Moment. Nicht so schnell. Wenn es um den MVP-Titel geht, liegt Russell Wilson derzeit unangefochten in Führung. Weshalb sich Kyler Murray mit einem starken Finish dennoch die Krone aufsetzen könnte, erfährt ihr hier.

Kyler Murray und das AT&T Stadium – klingt nach einer wunderbaren Liebesgeschichte. Nach dem Sieg über die Dallas Cowboys (38-10) besserte der Quarterback der Arizona Cardinals seine persönliche Statistik auf 7-0 aus. Alle seine Spiele in der Heimstätte der Cowboys konnte Murray bisher für sich entscheiden. Fünf auf High School Ebene, eines am College, wo der 23-jährige Oklahoma zur „Big 12 Championship” führte. Auf der großen NFL Bühne wurde die Erfolgsstory fortgesetzt. „Es ist ein spezielles Gefühl, wieder heimzukommen. Ich habe die ganze Woche versucht, mich auf das Wesentliche zu konzentrieren. Es geht nicht um meine persönliche Bilanz, sondern um uns als Team. Gegen die Cowboys haben wir einen richtig guten Job gemacht“, sagte Murray direkt nach dem Spiel.

Mit horizontaler Spielweise zum Erfolg

Was auffiel: Der Nummer eins Pick der Cardinals aus dem Jahr 2019 fokussierte sich wahrlich auf das Wesentliche. Seine Stärken beim Deep Ball und seine Agilität in der Pocket (74 Rushing Yards, 1 TD) stellte die ersatzgeschwächte Defense der Cowboys vor große Herausforderungen. 9 von 24 Passversuchen sind für 188 Yards angekommen. Eine ausbaufähige Bilanz, sollte man meinen. Doch die horizontal angelegte Spielweise Murrays ermöglichte WR Christian Kirk u.a. einen 80-Yard Touchdown. Ein Weiterer gesellte sich im Laufe des Spiels hinzu.

Head Coach Kliff Kingsbury war mit der Performance seines Quarterbacks zufrieden: „Es war nicht einfach für ihn, immerhin wurde die ganze Woche über das Spiel gesprochen. Er wirkte zu Beginn ein wenig aufgedreht. Mit seinen Beinen hat er unsere Drives lange am Leben gehalten. Ich bin sehr stolz darauf, wie er sich gesteigert hat.”

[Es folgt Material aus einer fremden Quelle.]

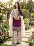 Generate a classic choice of trends wearing this wine color full sleeved readymade straight cut long kameez designed in heavy jimmy choo silk. Crafted using sequins work embellishment and heavy floral zari work embroidery all over. Available with a light beige color sharara style bottom and a beige color dupatta, both made in heavy jimmy choo silk. Note: Accessories shown are for styling purpose only. Slight color variation may occur due to photographic reasons.
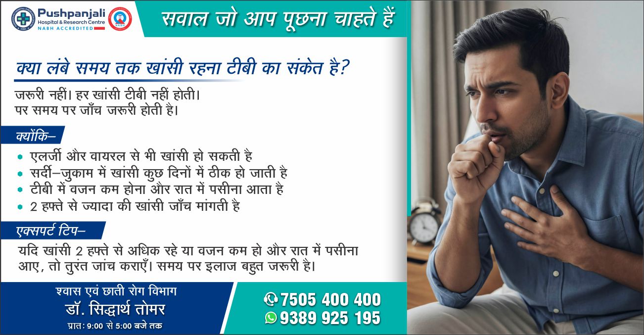आगरालीक्स…लंबे समय से हो रही खांसी को नजरअंदाज न करें. पुष्पांजलि हॉस्पिटल में डॉ. सिद्धार्थ तोमर से लें परामर्श. संपर्क करें 7505400400, 9389925195

Murray mit starkem Finish zum MVP?

Bisher steht der „Offensive Rookie of the Year” vom Vorjahr bei 1.487 Passing Yards, 14 Touchdowns, 6 Interceptions und einem Quarterback Rating von 75,8. Sehr passable Zahlen, für einen MVP allerdings zu wenig. Weshalb es trotzdem reichen könnte? Kurzer Blick in die Statistik:

  • Patrick Mahomes: 2017 in der 1. Runde gedraftet, wird 2018 MVP
  • Lamar Jackson: 2018 in der 1. Runde gedraftet, wird 2019 MVP
  • Kyler Murray: 2019 in der 1. Runde gedraftet, wird 2020 ???

Kingsbury baut auf seinen jungen Quarterback und die Offense um ihn herum. Im Laufspiel erhält Murray Unterstützung von Kenyan Drake (164 Yards und 2 Touchdowns gegen die Cowboys) und Chase Edmunds. Die WR-Group mit den Superstars DeAndre Hopkins, Larry Fitzgerald und Christian Kirk zählt zur NFL Elite. Die O-Line der Cardinals ist davon weit entfernt. Murray ist aber schnell und wendig genug, um aus improvisierten Spielzügen Kapital zu schlagen. Wohin die Reise geht, wird spätestens am nächsten Spieltag beantwortet. Da treffen die Arizona Cardinals auf die noch ungeschlagenen Seattle Seahawks mit Russell Wilson in der Pocket. Die ideale Möglichkeit für Murray, seine MVP-Ambitionen unter Beweis zu stellen.